Toba Catastrophe Theory - Volcanic Winter and Cooling

Volcanic Winter and Cooling

The apparent coincidence of the eruption with the onset of the last glacial period attracted the scientists' interest. Michael L. Rampino and Stephen Self argued that the eruption caused a "brief, dramatic cooling or 'volcanic winter'", which resulted in a global mean surface temperature drop of 3–5 °C and accelerated the glacial transition from warm to cold temperatures of the last glacial cycle. Zielinski showed Greenland ice core evidence for a 1,000-year cool period with low δ18O and increased dust deposition immediately following the eruption. He further suggested that this 1,000-year cool period (stadial) could have been caused by the eruption, and that the longevity of the Toba stratospheric loading may account at least for the first two centuries of the cooling episode.
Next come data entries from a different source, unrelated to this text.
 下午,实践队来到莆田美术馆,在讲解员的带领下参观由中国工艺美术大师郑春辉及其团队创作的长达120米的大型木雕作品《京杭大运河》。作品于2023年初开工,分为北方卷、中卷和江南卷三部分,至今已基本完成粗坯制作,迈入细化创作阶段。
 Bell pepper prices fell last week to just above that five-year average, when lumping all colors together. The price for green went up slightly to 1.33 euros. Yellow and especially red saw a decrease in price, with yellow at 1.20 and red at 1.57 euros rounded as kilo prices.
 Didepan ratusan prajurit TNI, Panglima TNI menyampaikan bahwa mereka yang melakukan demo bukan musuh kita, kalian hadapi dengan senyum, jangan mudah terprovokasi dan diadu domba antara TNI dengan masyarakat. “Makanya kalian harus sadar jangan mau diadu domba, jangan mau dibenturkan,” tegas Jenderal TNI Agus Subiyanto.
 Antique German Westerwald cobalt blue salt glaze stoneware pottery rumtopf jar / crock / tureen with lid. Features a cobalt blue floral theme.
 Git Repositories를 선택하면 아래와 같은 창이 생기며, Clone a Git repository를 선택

Rampino and Self believe that global cooling was already underway at the time of the eruption, but the procedure was extremely slow; YTT "may have provided the extra 'kick' that caused the climate system to switch from warm to cold states." Oppenheimer discounts the arguments that the eruption triggered the last glaciation, but he accepts that it may have been responsible for a millennium of cool climate prior to the Dansgaard-Oeschger event.
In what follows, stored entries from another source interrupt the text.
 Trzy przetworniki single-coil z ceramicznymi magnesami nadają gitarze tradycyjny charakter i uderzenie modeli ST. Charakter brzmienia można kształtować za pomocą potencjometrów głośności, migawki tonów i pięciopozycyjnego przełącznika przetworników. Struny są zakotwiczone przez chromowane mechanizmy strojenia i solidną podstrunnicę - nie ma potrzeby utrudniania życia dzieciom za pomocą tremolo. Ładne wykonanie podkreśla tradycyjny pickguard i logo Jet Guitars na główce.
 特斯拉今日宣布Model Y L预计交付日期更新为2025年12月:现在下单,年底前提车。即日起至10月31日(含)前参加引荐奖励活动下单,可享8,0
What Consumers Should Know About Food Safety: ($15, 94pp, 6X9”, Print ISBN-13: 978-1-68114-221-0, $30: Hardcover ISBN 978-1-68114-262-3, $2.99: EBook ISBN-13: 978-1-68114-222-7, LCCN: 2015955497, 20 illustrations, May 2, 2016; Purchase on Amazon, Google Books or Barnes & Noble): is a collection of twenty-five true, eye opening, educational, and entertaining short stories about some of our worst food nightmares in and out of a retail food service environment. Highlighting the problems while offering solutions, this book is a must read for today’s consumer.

According to Alan Robock, the Toba incident did not initiate an ice age. Using an emission of 6 billion tons of sulphur dioxide, his simulations demonstrated a maximum global cooling of around 15 °C, approximately three years after the eruption. As the saturated adiabatic lapse rate is 4.9 °C/1,000 m for temperatures above freezing, this means that the tree line and the snow line were around 3,000 m (9,900 ft) lower at this time. Nevertheless, the climate recovered over a few decades. Robock found no evidence that the 1,000-year cold period seen in Greenland ice core records was directly generated by the Toba eruption. Nevertheless, he argues that the volcanic winter would have been colder and longer-lasting than Ambrose assumed, which strengthens his argument for a genetic bottleneck. Contrary to Robock, Oppenheimer believes that estimates of a surface temperature drop of 3–5 °C after the eruption are probably too high; a figure closer to 1 °C appears more realistic. Robock criticized Oppenheimer's analysis, arguing that it is based on simplistic T-forcing relationships.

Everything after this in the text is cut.